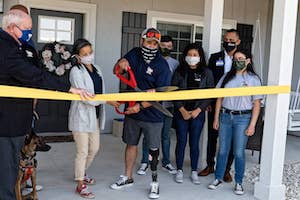 Friends with several HFOT home recipients, Gabe saw firsthand the impact a new specially adapted custom home makes for Veterans and their families. His HFOT home reduces the barriers Gabe experiences in his daily life. He is happy to have an accessible bathroom where he is able to shower safely. Another benefit is the open floorplan and accessible kitchen, where he is able to help his family cook and do housework. He is also able to access his yard more easily on the paved walkways surrounding the entire home.
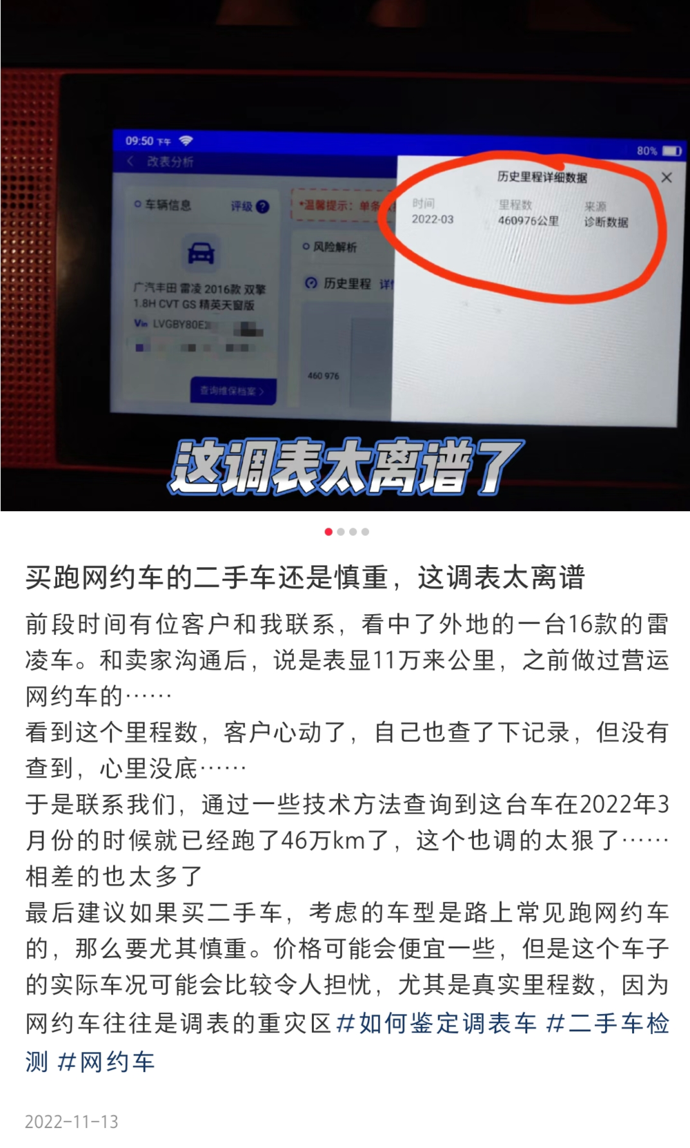 不少卖二手网约车的车主为了高价转手,将车子的四个轮胎全部换掉,假装成一辆九成新的“新车”。更有无良车商甚至把已经开了三四十万公里的车往回调表,粉饰成一辆五六万公里出头的“新新二手车”,坑了不少渴望快速成为有车一族的“准车主”。
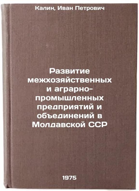 In Russian. Kalin, Ivan Petrovich. Development of intereconomic and agro-industrial enterprises and associations in the Moldavian SSR. Moscow: High School of Economics, 1975. Razvitie mezhkhozyaystvennykh i agrarno-promyshlennykh predpriyatiy i obedineniy v Moldavskoy SSR. In Russian /Development of intereconomic and agro-industrial enterprises and associations in the Moldovan SSR. All images are for identification of editions only. Several books of the same edition may be available. Please feel free to request photos of available books. SKU6981755
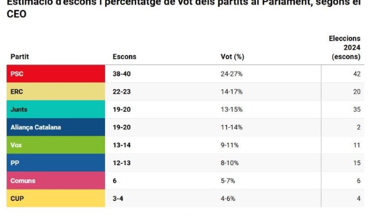 Barcelona – El baròmetre del Centre d’Estudis d’Opinió (CEO) presentat aquest dilluns apunta a un auge dels dos partits d’extrema dreta. Aliança empataria amb Junts (19-20 escons) i Vox avançaria al PP (13-14). Entre les dues superarien la cinquena part dels vots i passarien de la trentena d’escons. El director del CEO, Joan Rodríguez Teruel, ha conclòs que «els votants de Vox i Aliança cada cop s’assemblen més». Així, els joves són els qui més donen suport a les dues formacions, que tenen un electorat que s’informa de política sobretot per xarxes socials i que té la immigració com a principal problema. L’enquesta apunta a «un vot dual de dreta radical», amb gent disposada a donar suport a Sílvia Orriols al Parlament i a Santiago Abascal al Congrés.
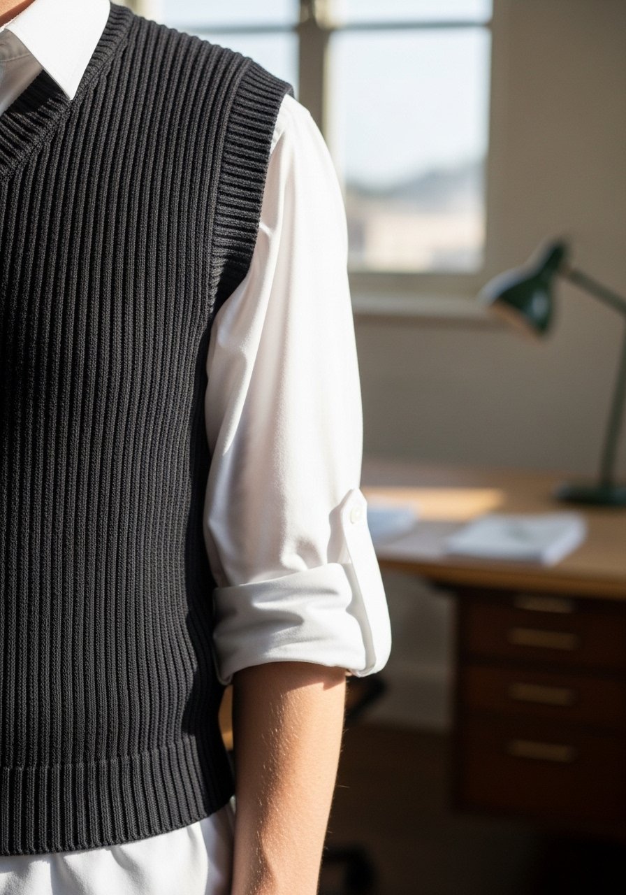 Knit vests are a subtle way to layer without adding sleeves. I like a thin v-neck knit vest over a slightly oversized button-down, tuck the front for shape. It reads modern and works for casual office days. Try knit-vest-women with classic-white-tee or a patterned shirt. I noticed layering a vest adds visual interest on about 30% of my outfit photos.

> _Aim of the exercise_:
Would you return all of the data above word for word, omitting every picture?

> _Exercise result_:
 Friends with several HFOT home recipients, Gabe saw firsthand the impact a new specially adapted custom home makes for Veterans and their families. His HFOT home reduces the barriers Gabe experiences in his daily life. He is happy to have an accessible bathroom where he is able to shower safely. Another benefit is the open floorplan and accessible kitchen, where he is able to help his family cook and do housework. He is also able to access his yard more easily on the paved walkways surrounding the entire home.
 不少卖二手网约车的车主为了高价转手,将车子的四个轮胎全部换掉,假装成一辆九成新的“新车”。更有无良车商甚至把已经开了三四十万公里的车往回调表,粉饰成一辆五六万公里出头的“新新二手车”,坑了不少渴望快速成为有车一族的“准车主”。
 In Russian. Kalin, Ivan Petrovich. Development of intereconomic and agro-industrial enterprises and associations in the Moldavian SSR. Moscow: High School of Economics, 1975. Razvitie mezhkhozyaystvennykh i agrarno-promyshlennykh predpriyatiy i obedineniy v Moldavskoy SSR. In Russian /Development of intereconomic and agro-industrial enterprises and associations in the Moldovan SSR. All images are for identification of editions only. Several books of the same edition may be available. Please feel free to request photos of available books. SKU6981755
 Barcelona – El baròmetre del Centre d’Estudis d’Opinió (CEO) presentat aquest dilluns apunta a un auge dels dos partits d’extrema dreta. Aliança empataria amb Junts (19-20 escons) i Vox avançaria al PP (13-14). Entre les dues superarien la cinquena part dels vots i passarien de la trentena d’escons. El director del CEO, Joan Rodríguez Teruel, ha conclòs que «els votants de Vox i Aliança cada cop s’assemblen més». Així, els joves són els qui més donen suport a les dues formacions, que tenen un electorat que s’informa de política sobretot per xarxes socials i que té la immigració com a principal problema. L’enquesta apunta a «un vot dual de dreta radical», amb gent disposada a donar suport a Sílvia Orriols al Parlament i a Santiago Abascal al Congrés.
 Knit vests are a subtle way to layer without adding sleeves. I like a thin v-neck knit vest over a slightly oversized button-down, tuck the front for shape. It reads modern and works for casual office days. Try knit-vest-women with classic-white-tee or a patterned shirt. I noticed layering a vest adds visual interest on about 30% of my outfit photos.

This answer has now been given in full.